C05384-2026

SECURITIES AND EXCHANGE COMMISSIONSEC FORM 17-C

CURRENT REPORT UNDER SECTION 17
OF THE SECURITIES REGULATION CODE
AND SRC RULE 17.2(c) THEREUNDER

1. Date of Report (Date of earliest event reported)
Jul 15, 2026
2. SEC Identification Number
ASO96-005555
3. BIR Tax Identification No.
000-188-209-000
4. Exact name of issuer as specified in its charter
Philippine National Bank
5. Province, country or other jurisdiction of incorporation
Philippines
6. Industry Classification Code(SEC Use Only)
7. Address of principal office
PNB Financial Center, President Diosdado Macapagal Boulevard, Pasay City, Metro Manila Postal Code 1300
8. Issuer's telephone number, including area code
(632) 8526-3131 to 70
9. Former name or former address, if changed since last report
Not Applicable
10. Securities registered pursuant to Sections 8 and 12 of the SRC or Sections 4 and 8 of the RSA
Title of Each Class Number of Shares of Common Stock Outstanding and Amount of Debt Outstanding
Common Shares 1,525,764,850
11. Indicate the item numbers reported herein
Item 9

The Exchange does not warrant and holds no responsibility for the veracity of the facts and representations contained in all corporate disclosures, including financial reports. All data contained herein are prepared and submitted by the disclosing party to the Exchange, and are disseminated solely for purposes of information. Any questions on the data contained herein should be addressed directly to the Corporate Information Officer of the disclosing party.

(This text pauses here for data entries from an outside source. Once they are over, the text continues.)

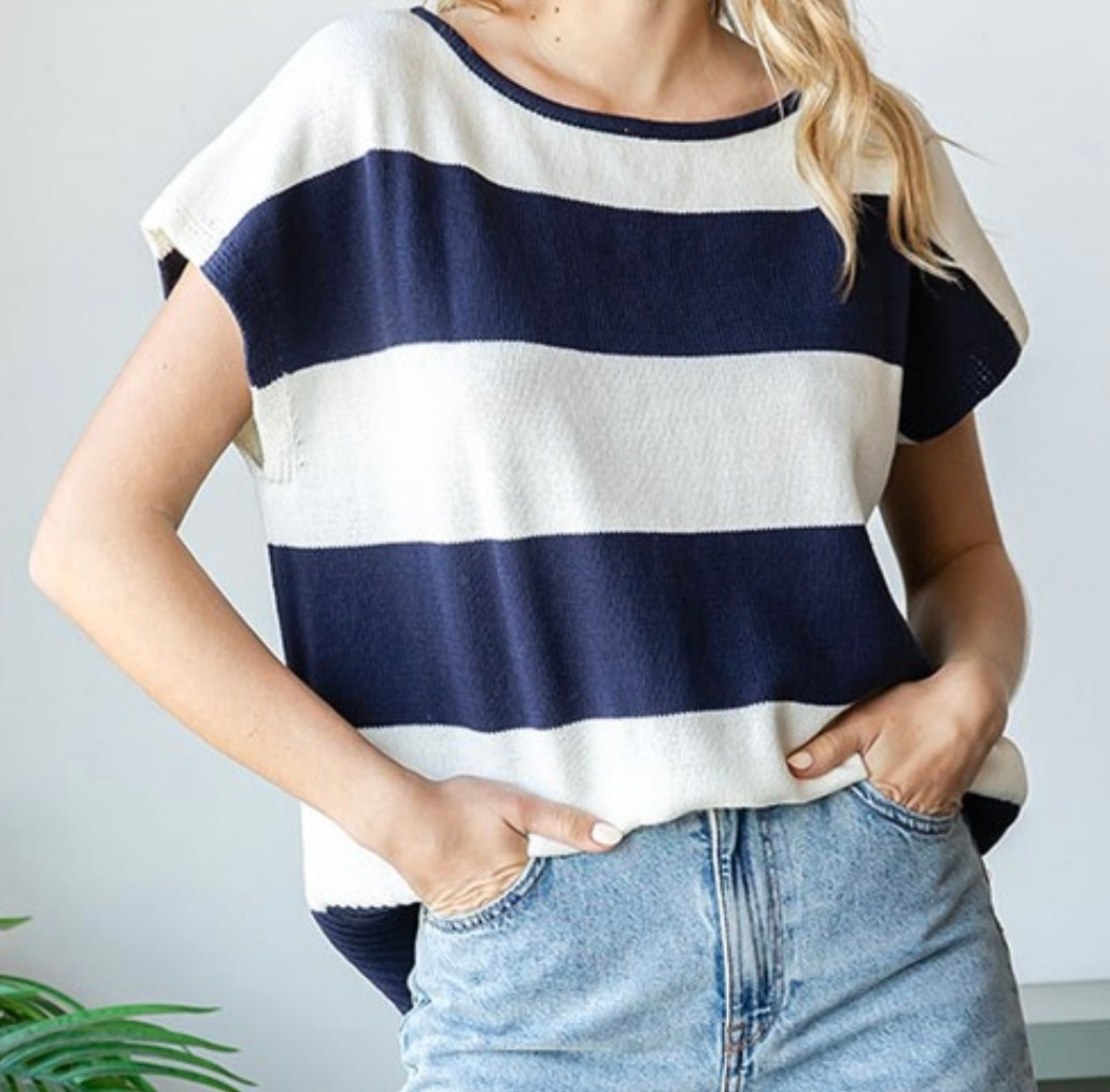 Discover style and comfort with our Strolling the Waters sweater. Made with 60% cotton and 40% acrylic, this navy striped boat neck knit features a contrast round neckline, dropped shoulder, and ribbed hemline. Perfect for a casual day out, or a stroll on the waters.
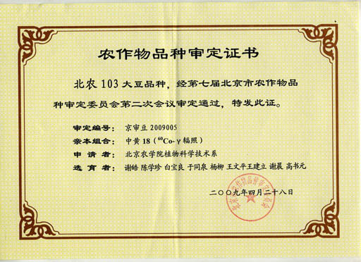 世俱杯大豆课题组谢皓、陈学珍、白宝良、于同泉、杨柳、王文平、王建立、谢晨、高书元等科技人员培育的大豆品种“北农103”近日经北京市农作物品种审定委员会审定通过。这是继“北农101”之后又一审定通过的具有自主知识产权的大豆新品种。
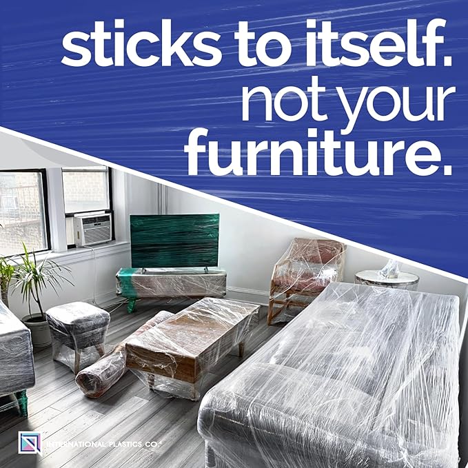 - EFFORTLESS PACKING & STORAGE: Ditch the messy tapes and frustrating twine! This stretch film conveniently wraps furniture, boxes, and more, leaving no residue behind. Perfect for space-saving storage too!
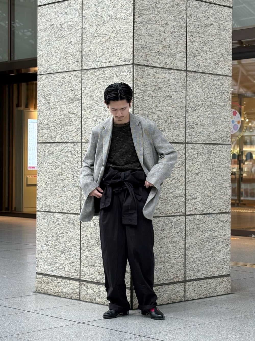 今期のイーレ店の中でも最推しジャケットが入荷しました。 5ボタンの重厚感のある見た目、に反して透け感のある軽やかで柔らかな素材です。 正直実物を見ないと良さが100%伝わるとは思えないです。それくらい実物が完璧です。 合わせるのはseeallのジャンプスーツ。ベルトループもあるのでベルトを付けてセットアップ風に着用してもかっこよさそうです。
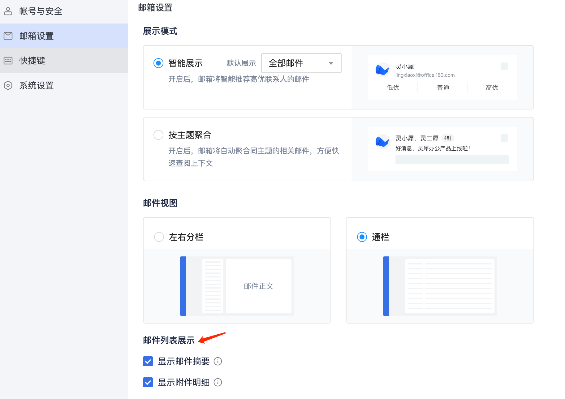 -用户可以根据自己的使用习惯,设置邮件列表是否展示邮件摘要、是否显示附件明细;
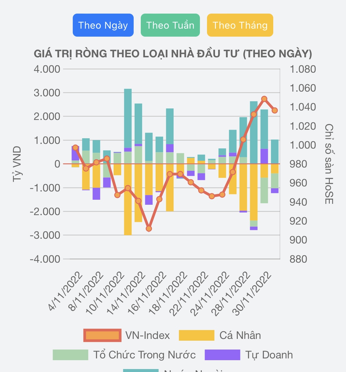 Uhm trong tháng 11 dòng tiền động lực chủ yếu đến từ nhà đầu tư ngoại:
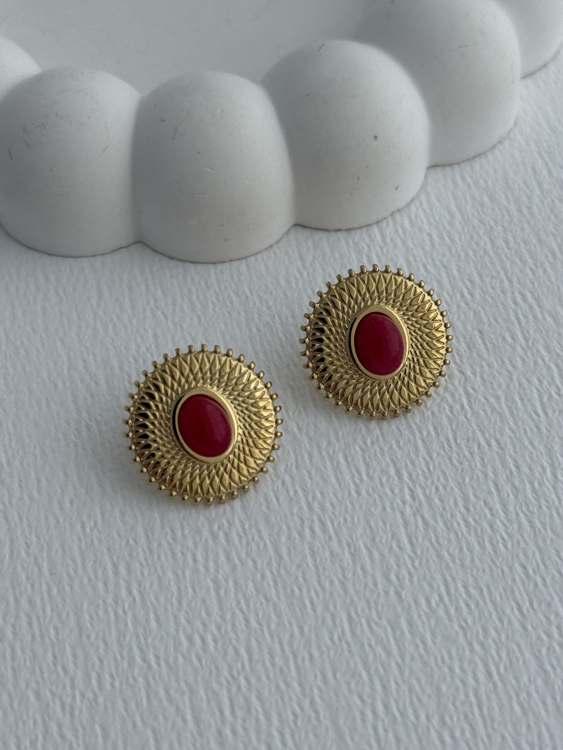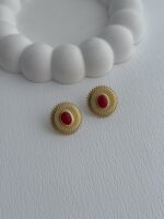 Çelik Kırmızı Oval Taş Detay Desenli Gold Küpe
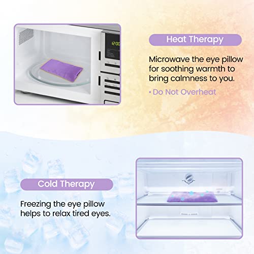 - Heated Eye Mask & Cooling Eye masks: Just microwave this eye heating pad for 30 seconds, this yoga eye pillow provides gentle hot compress for eye to alleviate eyes fatigue, dry eyes, and tension and improve sleeping quality. Chill eye pillows for relaxation overnight and use it as cold compress to reduce the appearance of dark circles and puffy eyes, refreshing tired eyes strained by study or extended computer time.
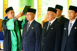 Dalam prosesi pengukuhan sumpah jabatan, Muhammad Amin membimbing para pejabat untuk mengikrarkan sumpah dengan penuh kesadaran moral dan spiritual.
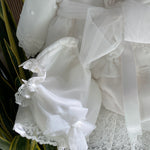 Taufkleid mit langen Ärmeln aus weißer Spitze, mit Rüschenkragen und pfirsichfarbenem Taillenband mit seitlicher Blume.
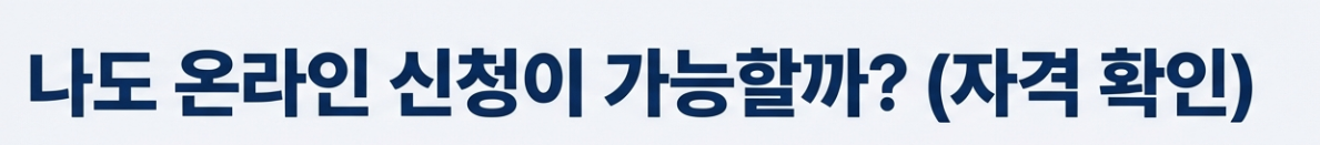 온라인 신청이 정말 편하긴 하지만, 아쉽게도 모든 사람이 할 수 있는 건 아니에요. 괜히 준비했다가 헛수고하지 않도록 자격 조건부터 빠르게 확인해봐요.
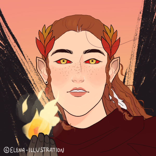 Calliandra has tan orange skin and long braided ginger hair with a leaf laurel atop their head of various colors. They wear very few clothes because they constantly get burnt off, only wearing a burnt black cape and red leather pants. Their fingernails, toenails, and feet are constantly dirty with ash. Calliandra is very stoic and almost emotionless when it comes to most things except fire. When it comes to fire, Calli shows great love, respect, and admiration almost like a beloved family pet.Backstory
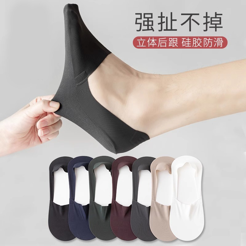 男性用春夏アイスシルクボートソックス、シリコン製脱落防止インビジブルソックス、男性用薄手コットンタオル底吸汗性ボートソックス
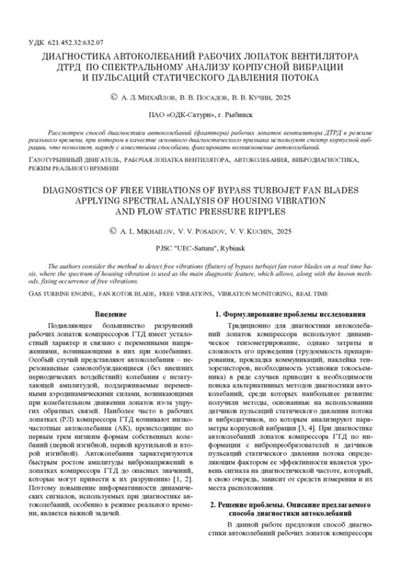 Рассмотрен способ диагностики автоколебаний (флаттера) рабочих лопаток вентилятора ДТРД в режиме реального времени, при котором в качестве основного диагностического признака используют спектр корпусной вибрации, что позволяет, наряду с известными способами, фиксировать возникновение автоколебаний
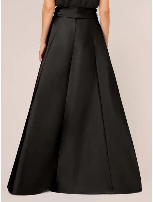 A-Line Wedding Guest Dresses Party Dress Formal Black Dress Plus Size Asymmetrical Sleeveless Jewel Neck Satin with Bow(s) Pleats Crystals
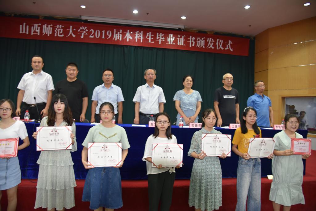 典礼在庄严的国歌声中拉开帷幕。学院副院长侯慧明教授宣读了新葡的京集团8814关于表彰优秀毕业生的名单,车校长、学院领导及系主任为获奖的优秀毕业生颁发了荣誉证书。紧接着大会举行了2019届毕业生毕业证书颁发仪式,副院长仝建平教授宣读了山西师范大学关于新葡的京集团8814毕业生资格审查结果,并宣读了颁发证书名单。今年我院共有229名毕业生顺利取得毕业证书和学位证书,仝院长对毕业生们表示了祝贺。
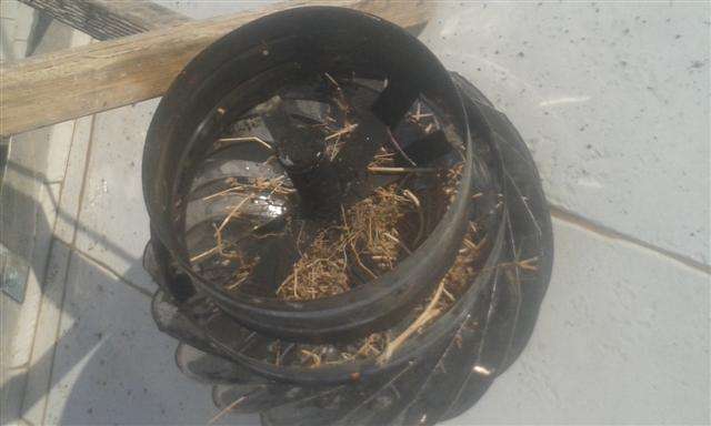 Και σε άλλη καμινάδα τζακιού, βρέθηκε εντός του περιστρεφόμενου καπέλου μια φωλιά πουλιού, η οποία βεβαίως και απομακρύνθηκε.
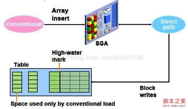 直接路径加载把数据直接插入到要修改的段的高水位(HWM)以上,从而生成了最少量的undo(只生成数据字典的undo,不生成块中数据的undo),且不通过高速缓存(SGA),因此它的性能比常规插入要好。

Philippine National BankPNB

PSE Disclosure Form 4-4 - Amendments to By-Laws References: SRC Rule 17 (SEC Form 17-C) and
Section 4.4 of the Revised Disclosure Rules

Subject of the Disclosure

Amendment of the Amended By-Laws of the Philippine National Bank

Background/Description of the Disclosure

On February 28, 2025, the PNB Board of Directors approved and confirmed the amendment of Section 5.8 of the PNB Amended By-Laws on Per Diem of Directors in compliance with the provisions of the Revised Corporation Code of the Philippines and other applicable laws and regulations, subject to shareholder and regulatory approvals.

We trust you will take note accordingly. Thank you.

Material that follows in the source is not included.